Typical Day
Perry Legal wakes at 7:30AM and gets halfway through his shower before realizing he's still wearing his boxers. (Cut him some slack—he had a late night last night.) After the water does its thing, he gets dressed, breakfasts, and pulls into the parking structure of his office building at 8:15AM.
He takes the elevator up to the third floor, goes down the hall to the Workers' Compensation firm at which he is employed as a paralegal, and makes his way to his cubicle. (His boss has been promising that he'll get his own office soon, but Perry is beginning to doubt it, especially since they attached his nameplate to the cubicle wall with industrial-strength glue.)

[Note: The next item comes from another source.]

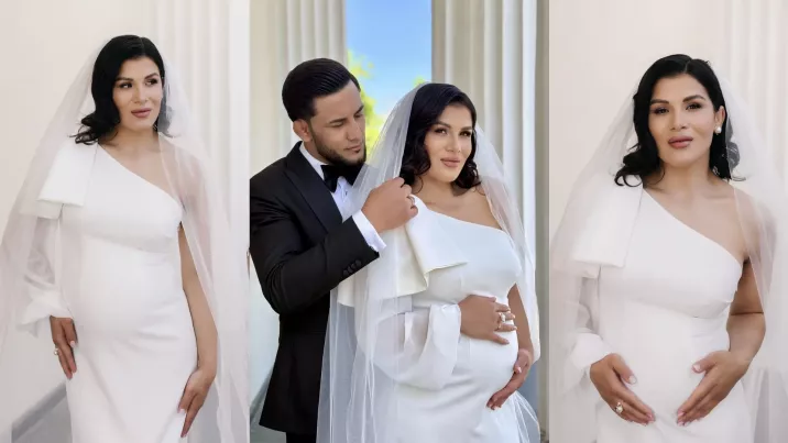 /FOTO/ Fotografii inedite de la cununia Anastasiei Nichita: Sportiva și-a etalat burtica de gravidă într-o rochie cu design asimetric

Perry starts his day by going through and responding to his emails and voice mails. He then meets in the small conference room with the two lawyers he works with most closely to help them prepare for a big case that's being brought to trial. During the meeting, Perry takes notes and assists his superiors in finding whatever documents they request.
After the meeting, Perry goes back to his desk and does an hour of dictation (one of the lawyers he works for has an Irish accent, and it takes Perry ten minutes to realize he's saying, "Send this guy thirty bucks" instead of, "Send this guy dirty books").
Perry takes lunch in the downstairs deli at noon and is back in the office at 1:00PM. Once again, he meets with the lawyers who are going to trial the following day and helps them prepare their legal arguments.
The case involves an elderly woman who has been working as the receptionist for a major corporation for twenty-three years (the company is so massive and she's gotten so many raises over the years that she actually makes more than some of the lawyers in Perry's firm); she has recently been taking a self-prescribed leave of absence from her job to deal with a suddenly painful case of tinnitus that she claims has been brought on by all of the clients who scream into her ear over the phone every day.
Her employer is denying this claim (as anyone in their right mind might). It's up to the lawyers in Perry's firm to make a convincing case, and it's up to Perry to help them do that. He spends much of the afternoon going through similar, prior cases to see if he can find any precedent. So far he's come up empty.
At 4:00PM, he leaves the lawyers to dig through records on their own, as has to run out to file a couple of motions at the District Court before it closes for the day. He makes it back to the office around 5:00PM to find that the lawyers are still digging furiously for something substantial they can use in the tinnitus case. It's looking grim, and they may just have to rely on their charm and some crafty manipulation of the English language to sway the jury.
Perry wraps up his day with another hour of research in the law library and some more answering of emails, and then he's out of there at 6:30PM. This time, once he gets home, he writes himself a note and puts it on the shower door. He's not making that mistake again. And he exhales—he knows that the lawyers on the various cases in which he is assisting will be working until midnight. Thank goodness he was never quite able to pass that bar exam.